▸ INFORMATION PROVIDED:

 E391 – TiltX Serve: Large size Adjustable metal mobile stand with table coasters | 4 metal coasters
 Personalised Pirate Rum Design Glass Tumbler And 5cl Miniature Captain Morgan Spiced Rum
==
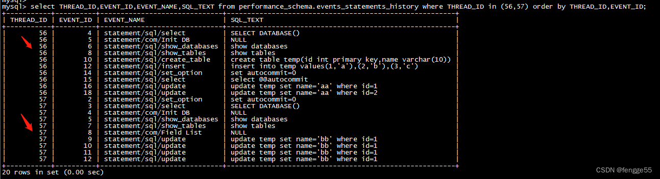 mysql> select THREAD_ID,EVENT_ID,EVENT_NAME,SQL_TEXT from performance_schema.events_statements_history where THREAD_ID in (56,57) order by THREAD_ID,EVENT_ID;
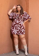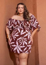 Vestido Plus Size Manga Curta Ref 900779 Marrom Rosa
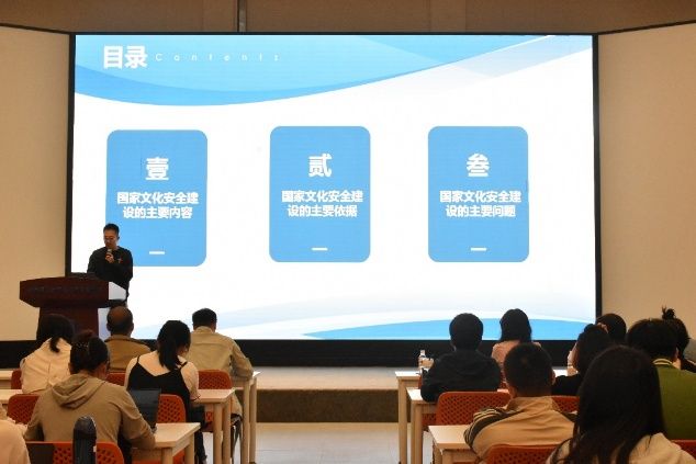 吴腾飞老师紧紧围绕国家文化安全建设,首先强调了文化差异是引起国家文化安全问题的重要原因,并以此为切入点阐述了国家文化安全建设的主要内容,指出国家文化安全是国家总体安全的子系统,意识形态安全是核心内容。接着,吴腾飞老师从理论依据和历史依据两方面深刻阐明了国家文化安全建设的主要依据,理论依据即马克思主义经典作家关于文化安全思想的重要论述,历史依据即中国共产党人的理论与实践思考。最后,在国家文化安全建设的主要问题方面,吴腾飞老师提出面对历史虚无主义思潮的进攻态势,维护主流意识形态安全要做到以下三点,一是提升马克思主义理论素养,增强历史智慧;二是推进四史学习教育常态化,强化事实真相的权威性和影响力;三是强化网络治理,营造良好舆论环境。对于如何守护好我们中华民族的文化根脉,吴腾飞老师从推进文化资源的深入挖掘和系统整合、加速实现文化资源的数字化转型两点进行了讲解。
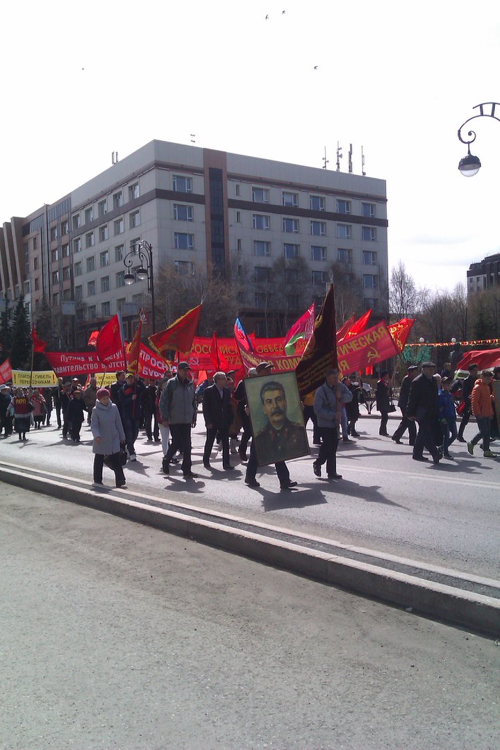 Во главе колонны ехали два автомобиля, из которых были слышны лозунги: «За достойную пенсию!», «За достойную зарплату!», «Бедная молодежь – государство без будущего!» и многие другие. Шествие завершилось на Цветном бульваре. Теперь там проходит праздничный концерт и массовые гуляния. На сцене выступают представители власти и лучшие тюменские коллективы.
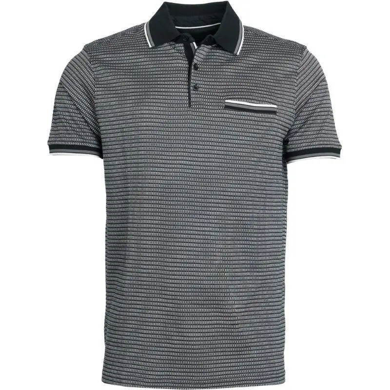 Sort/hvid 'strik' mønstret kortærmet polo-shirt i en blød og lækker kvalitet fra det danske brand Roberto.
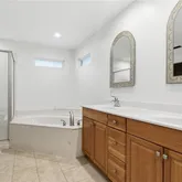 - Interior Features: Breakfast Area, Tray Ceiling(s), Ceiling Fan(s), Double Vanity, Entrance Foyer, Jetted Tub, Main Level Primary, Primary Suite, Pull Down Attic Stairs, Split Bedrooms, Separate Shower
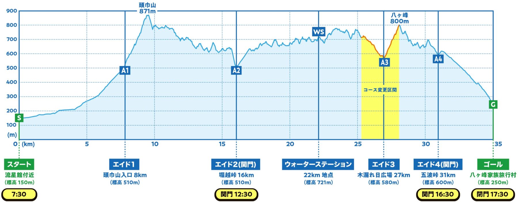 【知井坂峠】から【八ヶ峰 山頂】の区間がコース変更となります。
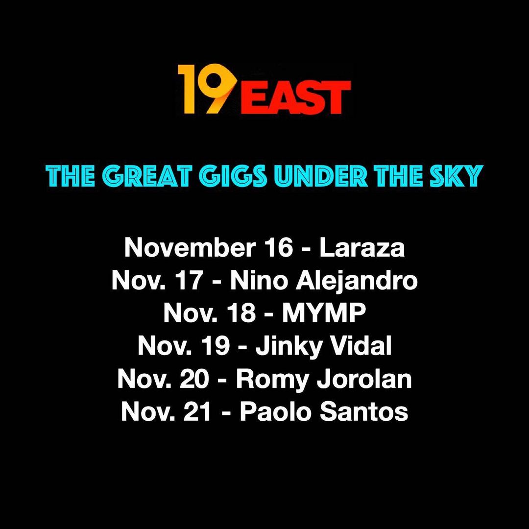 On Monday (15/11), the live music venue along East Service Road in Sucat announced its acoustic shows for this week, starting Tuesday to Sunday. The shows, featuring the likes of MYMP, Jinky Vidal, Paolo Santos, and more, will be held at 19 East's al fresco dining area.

▸ WHAT THE TASK REQUIRES:
Drop the pictures; return the lines above from the line containing "Vestido Plus Size" to the line containing "吴腾飞老师紧紧围绕国家文化安", both included, exactly.

▸ ANSWER SECTION:
 Vestido Plus Size Manga Curta Ref 900779 Marrom Rosa
 吴腾飞老师紧紧围绕国家文化安全建设,首先强调了文化差异是引起国家文化安全问题的重要原因,并以此为切入点阐述了国家文化安全建设的主要内容,指出国家文化安全是国家总体安全的子系统,意识形态安全是核心内容。接着,吴腾飞老师从理论依据和历史依据两方面深刻阐明了国家文化安全建设的主要依据,理论依据即马克思主义经典作家关于文化安全思想的重要论述,历史依据即中国共产党人的理论与实践思考。最后,在国家文化安全建设的主要问题方面,吴腾飞老师提出面对历史虚无主义思潮的进攻态势,维护主流意识形态安全要做到以下三点,一是提升马克思主义理论素养,增强历史智慧;二是推进四史学习教育常态化,强化事实真相的权威性和影响力;三是强化网络治理,营造良好舆论环境。对于如何守护好我们中华民族的文化根脉,吴腾飞老师从推进文化资源的深入挖掘和系统整合、加速实现文化资源的数字化转型两点进行了讲解。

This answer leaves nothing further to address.